謝無咎率一萬京營鐵騎,輕裝簡從,晝夜兼程,隻攜三日乾糧,沿途驛站換馬不換人,如同一支離弦之箭,直射北疆。韋安率百名皇城司精銳緹騎隨行,既是護衛,更是耳目與利劍。

軍情如火,謝無咎在馬背上亦不忘與韋安及幾名心腹將領分析局勢。

“殺虎口雖非雄關,卻地勢險要,駐軍三千,何以一日便破?縱有兩萬敵軍,亦難至此。”一名參將疑惑。

韋安沉聲道:“軍報提及‘疑有內應指引捷徑’。末將離京前已令大同鎮撫司密查,最新飛鴿傳書提到,殺虎口副將及數名哨長,於破關當夜失蹤,其家眷亦於此前‘探親’離營,下落不明。”

“又是內奸!”參將咬牙切齒。

謝無咎目光冰冷:“看來我們肅清得還不夠徹底,或者說,有人在我們離開後,又悄悄伸出了手。韋大人,抵達大同後,此事由你專辦,無論涉及何人,務必揪出!眼下最急者,乃彌陀山防線能否撐住。傳令全軍,再加快速度!務必在兩日內抵達彌陀山!”

六月二十傍晚,經過近兩日一夜近乎殘酷的急行軍,援軍前鋒已能望見彌陀山起伏的輪廓,遠處天際,隱約有煙柱升起,空氣中彌漫著淡淡的焦糊與血腥氣味。

彌陀山,大同軍前哨

彌陀山並非孤峰,而是一片連綿丘陵,是大同鎮西北最後的天然屏障。此刻,山前各處隘口、坡地,已變成血腥的戰場。旌旗殘破,屍骸枕藉,廝殺聲、號角聲、兵刃撞擊聲震耳欲聾。大同守軍依仗地利,拚死抵抗著北戎瓦剌聯軍一波猛似一波的進攻。敵軍騎兵在山地施展不開,下馬步戰,卻依舊凶悍無比。
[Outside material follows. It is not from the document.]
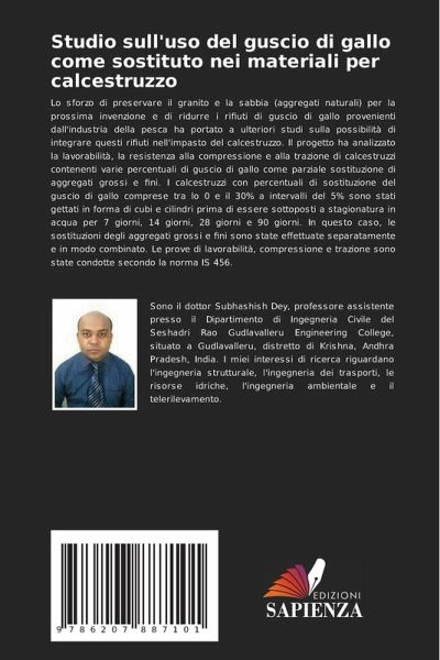 Lo sforzo di preservare il granito e la sabbia (aggregati naturali) per la prossima invenzione e di ridurre i rifiuti di guscio di gallo provenienti dall'industria della pesca ha portato a ulteriori studi sulla possibilità di integrare questi rifiuti nell'impasto del calcestruzzo. Il progetto ha analizzato la lavorabilità, la resistenza alla compressione e alla trazione di calcestruzzi contenenti varie percentuali di guscio di gallo come parziale sostituzione di aggregati grossi e fini. I calcestruzzi con percentuali di sostituzione del guscio di gallo comprese tra lo 0 e il 30% a intervalli del 5% sono stati gettati in forma di cubi e cilindri prima di essere sottoposti a stagionatura in acqua per 7 giorni, 14 giorni, 28 giorni e 90 giorni. In questo caso, le sostituzioni degli aggregati grossi e fini sono state effettuate separatamente e in modo combinato. Le prove di lavorabilità, compressione e trazione sono state condotte secondo la norma IS 456.
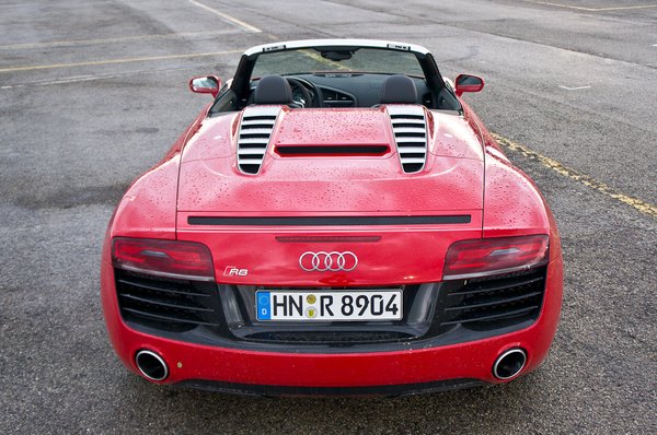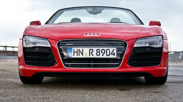 A futóműgeometrián szintén változtattak, emellett keményebb szilenteket használnak az elöl-hátul kettős keresztlengőkaros futóműben. Ezekről a változásokról Jürgen Wackerrel, a Quattro GmbH Audi R8-projektvezetőjével beszélgettem, miután meglepődve kiszálltam a ropogva hűlő Spyderből. Kérdésemre, hogy tervezik-e az R8 szívómotorjainak leváltását alacsonyabb károsanyag-kibocsátású, feltöltött motorokkal csak ennyit válaszolt: nem, sportautóba szívómotor való.

大同總兵王雄甲胄染血,左臂纏著繃帶,正指揮部眾死守一處即將被突破的山梁。眼見又一波敵兵嚎叫著衝上來,守軍箭矢已儘,刀劍卷刃,他目眥欲裂,拔出佩刀,就要親自帶隊反衝鋒。

就在這時,山後突然響起震天的戰鼓與號角!一麵繡著“謝”字和龍紋的王旗,率先出現在山脊!緊接著,如林的騎兵長矛和明亮的盔甲反射著夕陽餘暉,如同鐵流般傾瀉而下!

“援軍!是王爺的援軍到了!”疲憊欲死的守軍爆發出驚天動地的歡呼!

謝無咎一馬當先,手中長槊斜指,厲聲高喝:“大胤將士,隨我殺敵!”

“殺——!”一萬養精蓄銳的京營鐵騎,以雷霆萬鈞之勢,從側翼狠狠撞入攻山的敵軍陣中!鐵蹄踐踏,長矛突刺,瞬間將攻山的敵軍隊形衝得七零八落!

王雄見狀,精神大振,揮刀大吼:“弟兄們!王爺帶援軍來了!反攻!把戎狗趕下山去!”

內外夾擊,士氣大振!聯軍沒料到援軍來得如此之快、如此之猛,攻勢頓時受挫,丟下數百具屍體,狼狽退下山去。彌陀山防線,暫時穩住了。

夜幕降臨,雙方各自收兵,對峙的營地篝火點點,如同繁星。

中軍大帳內,謝無咎聽取了王雄的詳細戰報。彌陀山防線暫時無憂,但殺虎口已失,敵軍主力仍在,且聯軍數量可能超過兩萬五千。大同鎮連日血戰,傷亡已近萬,疲憊不堪。

“王爺,末將無能,竟讓內奸毀了殺虎口……”王雄滿臉愧色。

謝無咎擺手:“內奸潛伏非一日之寒,王總兵不必過於自責。當務之急,是重整旗鼓,尋機反攻。韋大人,內奸之事,可有眉目?”

韋安道:“初步審訊抓獲的幾名可疑士卒及潰兵,線索指向一個叫‘灰狼’的中間人,此人常在邊市活動,與失蹤的殺虎口副將過從甚密。現已派人去搜捕。另外,”他壓低聲音,“截獲一封從敵營射入我軍中的箭書,是漢字所寫,稱若我軍肯讓出彌陀山以東五十裡,便保我軍‘後路無憂’,落款……畫著一隻簡筆飛鳥。”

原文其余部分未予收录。